* About this exercise: Pictures stay out of this copy, which runs from the first line of the material through the line containing "BDP-006Bunga papan digital".

* Collected material:
=== Begin Enclosure ===

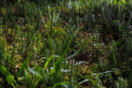 Majestic evergreen forest. Mighty pine and spruce trees, moss, fern, plants. Soft sunlight. Scandinavia. Atmospheric landscape. Pure nature, seasons, environment, eco tourism
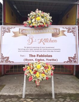 BDP-006Bunga papan digital printing dukacita ukuran kecil 2x1m. Memakai bunga hidup.
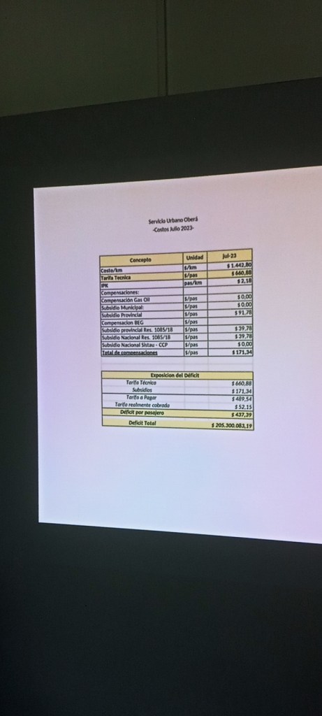 Según explicó, el costo por kilómetro del servicio es de 1.442 pesos, mientras que la tarifa técnica es de 660 pesos por pasajero. También afirmó que los subsidios que reciben equivalen a 171 pesos, asegurando que las empresas perciben un promedio de 52 pesos por usuario mediante el pago del boleto (70 pesos el único sin tarjeta), por lo que pierden 437 pesos por pasajero transportado en Oberá, aseveró.

=== End Enclosure ===

* Response area:
 Majestic evergreen forest. Mighty pine and spruce trees, moss, fern, plants. Soft sunlight. Scandinavia. Atmospheric landscape. Pure nature, seasons, environment, eco tourism
 BDP-006Bunga papan digital printing dukacita ukuran kecil 2x1m. Memakai bunga hidup.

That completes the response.